▶ Task to complete
Skipping any pictures, give all of the records below again exactly.

▶ Exercise inputs
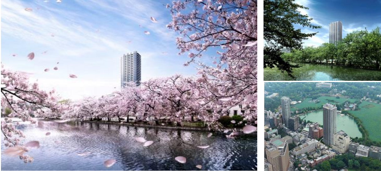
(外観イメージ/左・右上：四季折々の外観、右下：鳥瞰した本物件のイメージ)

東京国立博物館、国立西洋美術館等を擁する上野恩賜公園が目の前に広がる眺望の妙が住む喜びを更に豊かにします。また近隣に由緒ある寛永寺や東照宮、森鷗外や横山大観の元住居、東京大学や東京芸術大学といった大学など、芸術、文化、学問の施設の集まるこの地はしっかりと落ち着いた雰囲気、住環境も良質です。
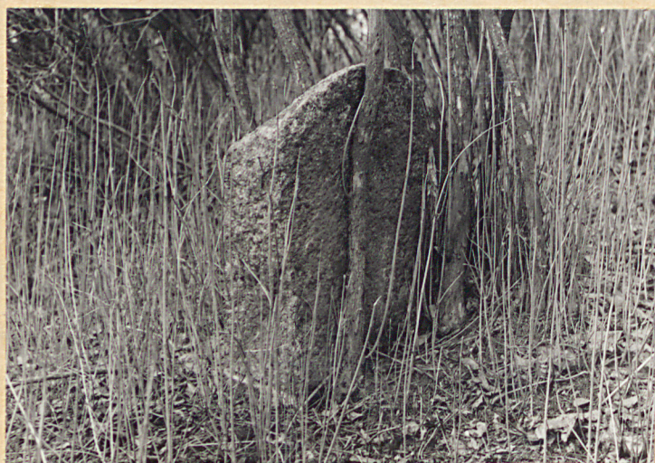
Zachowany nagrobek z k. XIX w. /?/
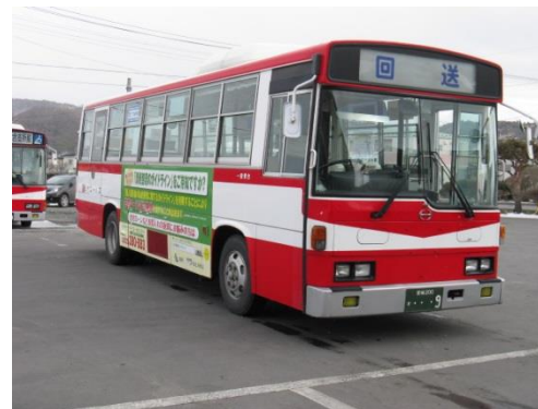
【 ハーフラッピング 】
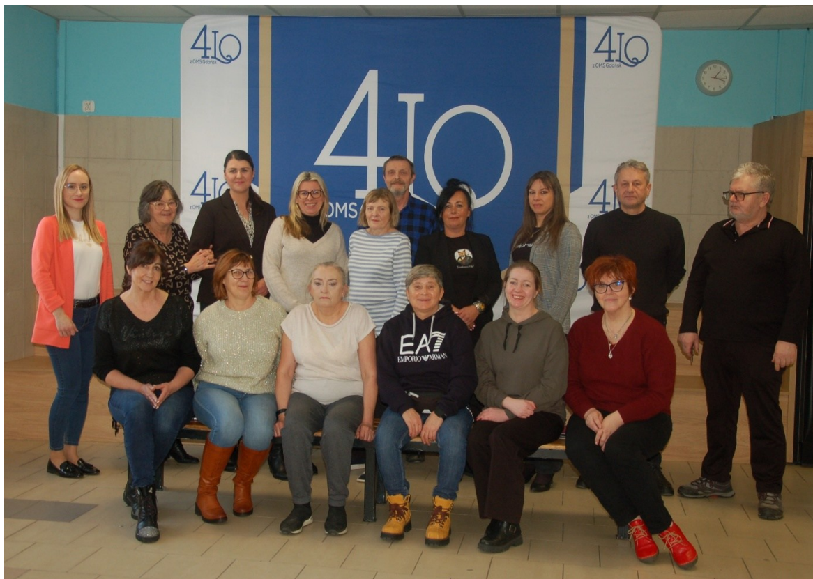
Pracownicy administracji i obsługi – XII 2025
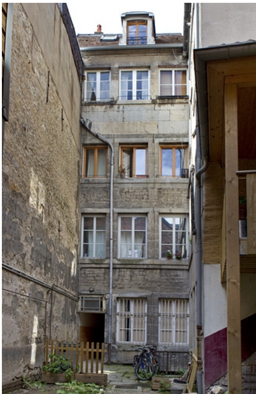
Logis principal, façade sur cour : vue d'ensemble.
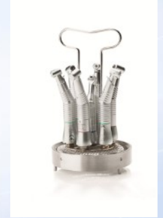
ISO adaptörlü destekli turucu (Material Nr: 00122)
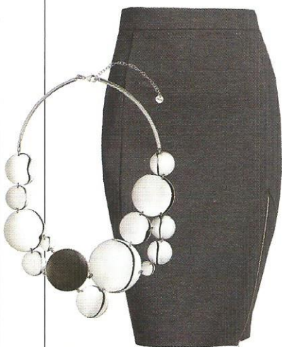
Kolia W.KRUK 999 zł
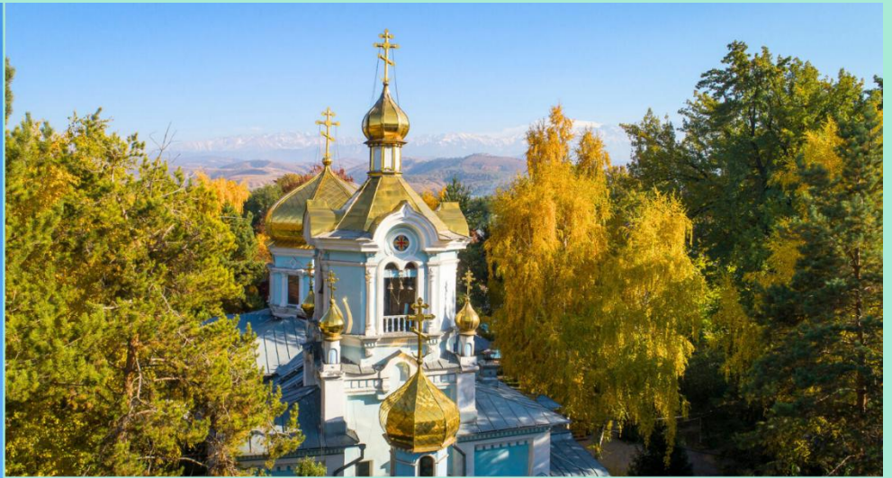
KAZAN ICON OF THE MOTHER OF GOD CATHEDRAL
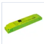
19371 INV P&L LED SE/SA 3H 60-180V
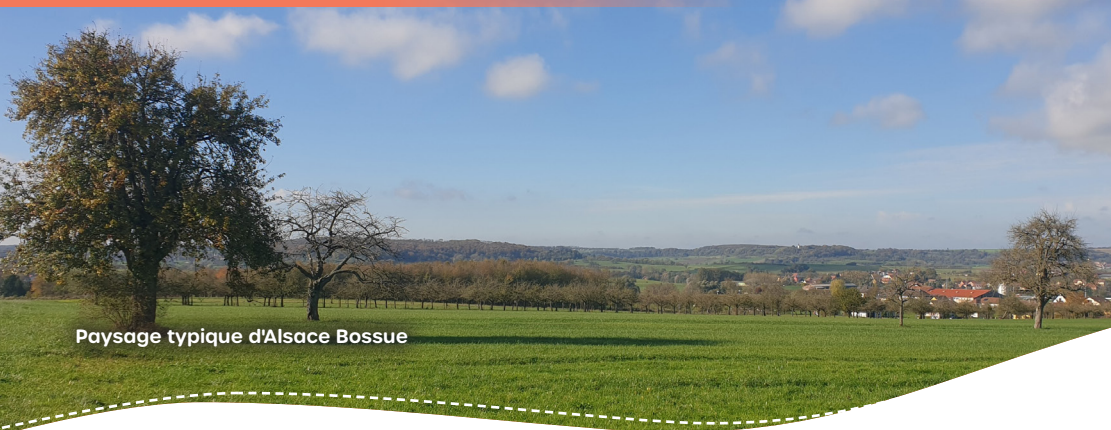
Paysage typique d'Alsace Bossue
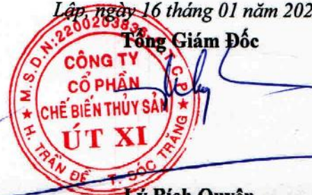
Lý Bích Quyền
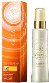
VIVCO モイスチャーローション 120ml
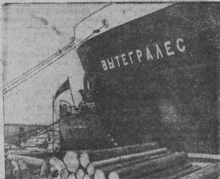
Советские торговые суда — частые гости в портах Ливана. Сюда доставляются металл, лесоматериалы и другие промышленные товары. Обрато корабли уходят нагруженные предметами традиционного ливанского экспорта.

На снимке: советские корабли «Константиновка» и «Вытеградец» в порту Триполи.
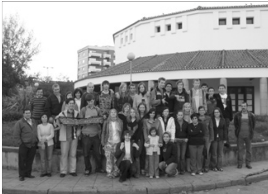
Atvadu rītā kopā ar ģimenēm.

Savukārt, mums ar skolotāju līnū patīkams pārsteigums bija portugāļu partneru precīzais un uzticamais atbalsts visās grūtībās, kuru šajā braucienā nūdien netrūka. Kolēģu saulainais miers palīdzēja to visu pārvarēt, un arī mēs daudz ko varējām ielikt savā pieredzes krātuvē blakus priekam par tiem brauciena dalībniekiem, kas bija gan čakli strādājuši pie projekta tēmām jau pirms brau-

▶ Response
(外観イメージ/左・右上：四季折々の外観、右下：鳥瞰した本物件のイメージ)

東京国立博物館、国立西洋美術館等を擁する上野恩賜公園が目の前に広がる眺望の妙が住む喜びを更に豊かにします。また近隣に由緒ある寛永寺や東照宮、森鷗外や横山大観の元住居、東京大学や東京芸術大学といった大学など、芸術、文化、学問の施設の集まるこの地はしっかりと落ち着いた雰囲気、住環境も良質です。
Zachowany nagrobek z k. XIX w. /?/
【 ハーフラッピング 】
Pracownicy administracji i obsługi – XII 2025
Logis principal, façade sur cour : vue d'ensemble.
ISO adaptörlü destekli turucu (Material Nr: 00122)
Kolia W.KRUK 999 zł
KAZAN ICON OF THE MOTHER OF GOD CATHEDRAL
19371 INV P&L LED SE/SA 3H 60-180V
Paysage typique d'Alsace Bossue
Lý Bích Quyền
VIVCO モイスチャーローション 120ml
Советские торговые суда — частые гости в портах Ливана. Сюда доставляются металл, лесоматериалы и другие промышленные товары. Обрато корабли уходят нагруженные предметами традиционного ливанского экспорта.

На снимке: советские корабли «Константиновка» и «Вытеградец» в порту Триполи.
Atvadu rītā kopā ar ģimenēm.

Savukārt, mums ar skolotāju līnū patīkams pārsteigums bija portugāļu partneru precīzais un uzticamais atbalsts visās grūtībās, kuru šajā braucienā nūdien netrūka. Kolēģu saulainais miers palīdzēja to visu pārvarēt, un arī mēs daudz ko varējām ielikt savā pieredzes krātuvē blakus priekam par tiem brauciena dalībniekiem, kas bija gan čakli strādājuši pie projekta tēmām jau pirms brau-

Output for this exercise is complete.